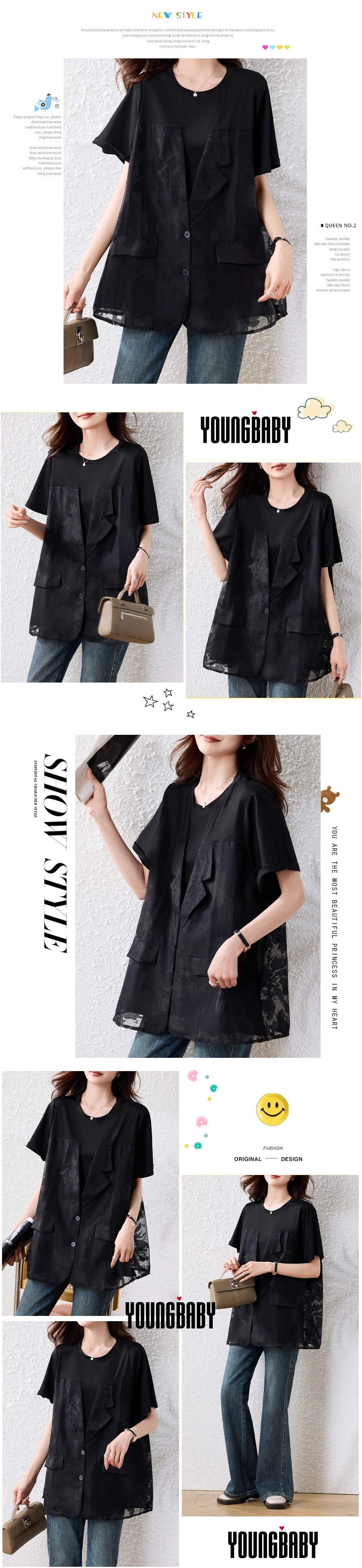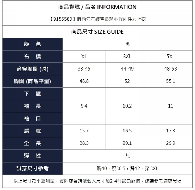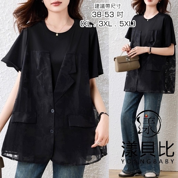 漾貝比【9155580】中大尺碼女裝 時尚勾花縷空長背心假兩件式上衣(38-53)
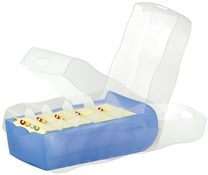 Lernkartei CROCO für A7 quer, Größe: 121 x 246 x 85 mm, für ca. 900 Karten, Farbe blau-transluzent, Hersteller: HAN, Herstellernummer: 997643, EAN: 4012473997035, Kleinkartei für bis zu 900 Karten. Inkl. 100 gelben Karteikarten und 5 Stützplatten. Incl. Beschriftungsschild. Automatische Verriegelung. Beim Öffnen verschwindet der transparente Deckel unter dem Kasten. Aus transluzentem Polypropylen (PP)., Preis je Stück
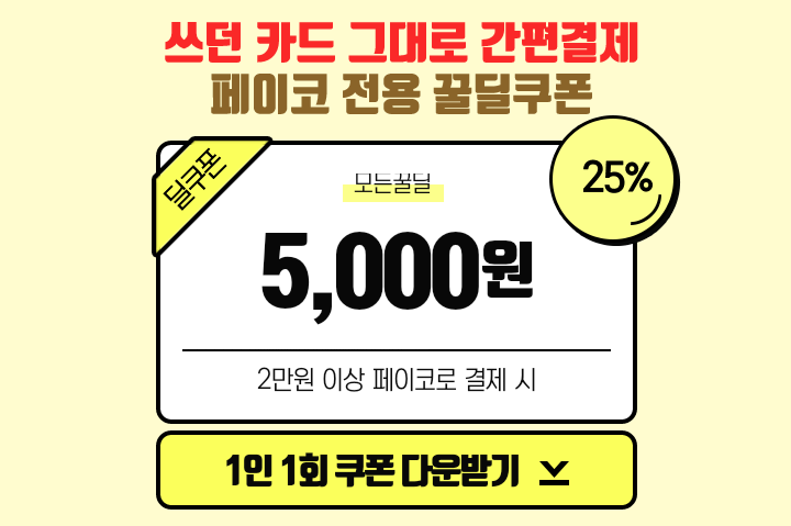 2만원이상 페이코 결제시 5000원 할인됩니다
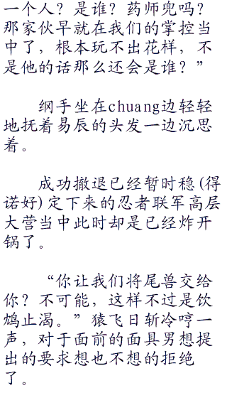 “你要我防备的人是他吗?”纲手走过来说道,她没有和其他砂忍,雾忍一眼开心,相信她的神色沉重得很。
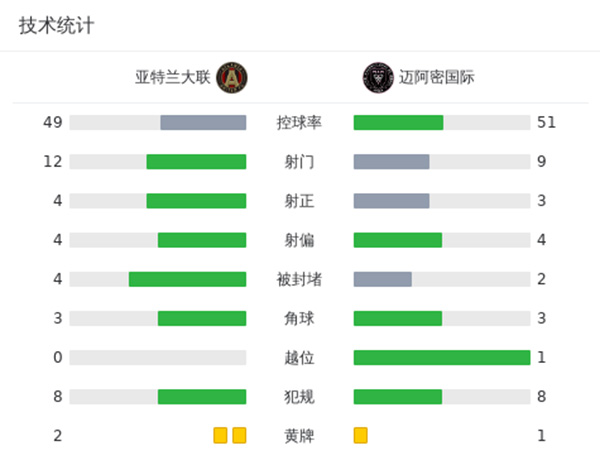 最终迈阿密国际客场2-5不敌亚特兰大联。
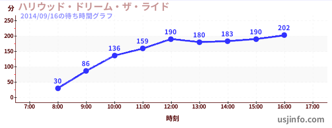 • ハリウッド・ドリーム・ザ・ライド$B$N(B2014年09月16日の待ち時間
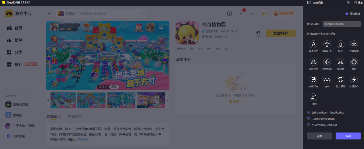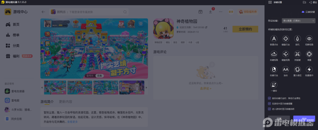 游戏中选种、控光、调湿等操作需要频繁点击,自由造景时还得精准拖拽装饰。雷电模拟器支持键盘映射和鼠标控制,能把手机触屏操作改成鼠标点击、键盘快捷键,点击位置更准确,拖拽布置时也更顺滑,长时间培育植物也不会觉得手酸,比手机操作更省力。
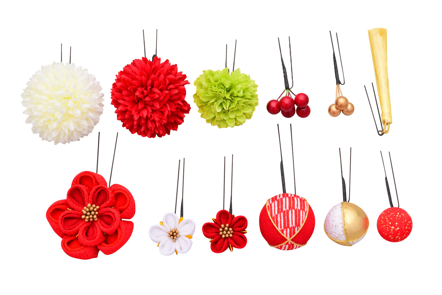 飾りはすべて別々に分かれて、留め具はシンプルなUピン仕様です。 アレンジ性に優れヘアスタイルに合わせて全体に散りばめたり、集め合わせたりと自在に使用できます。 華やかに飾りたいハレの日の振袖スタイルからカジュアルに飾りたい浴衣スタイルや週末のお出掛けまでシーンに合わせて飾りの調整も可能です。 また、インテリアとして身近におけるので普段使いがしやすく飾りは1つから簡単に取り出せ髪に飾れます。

——————————

## Exercise goal
Retype each line above precisely, please. Skip anything that is a picture.

## Solution for this exercise
 漾貝比【9155580】中大尺碼女裝 時尚勾花縷空長背心假兩件式上衣(38-53)
 Lernkartei CROCO für A7 quer, Größe: 121 x 246 x 85 mm, für ca. 900 Karten, Farbe blau-transluzent, Hersteller: HAN, Herstellernummer: 997643, EAN: 4012473997035, Kleinkartei für bis zu 900 Karten. Inkl. 100 gelben Karteikarten und 5 Stützplatten. Incl. Beschriftungsschild. Automatische Verriegelung. Beim Öffnen verschwindet der transparente Deckel unter dem Kasten. Aus transluzentem Polypropylen (PP)., Preis je Stück
 2만원이상 페이코 결제시 5000원 할인됩니다
 “你要我防备的人是他吗?”纲手走过来说道,她没有和其他砂忍,雾忍一眼开心,相信她的神色沉重得很。
 最终迈阿密国际客场2-5不敌亚特兰大联。
 • ハリウッド・ドリーム・ザ・ライド$B$N(B2014年09月16日の待ち時間
 游戏中选种、控光、调湿等操作需要频繁点击,自由造景时还得精准拖拽装饰。雷电模拟器支持键盘映射和鼠标控制,能把手机触屏操作改成鼠标点击、键盘快捷键,点击位置更准确,拖拽布置时也更顺滑,长时间培育植物也不会觉得手酸,比手机操作更省力。
 飾りはすべて別々に分かれて、留め具はシンプルなUピン仕様です。 アレンジ性に優れヘアスタイルに合わせて全体に散りばめたり、集め合わせたりと自在に使用できます。 華やかに飾りたいハレの日の振袖スタイルからカジュアルに飾りたい浴衣スタイルや週末のお出掛けまでシーンに合わせて飾りの調整も可能です。 また、インテリアとして身近におけるので普段使いがしやすく飾りは1つから簡単に取り出せ髪に飾れます。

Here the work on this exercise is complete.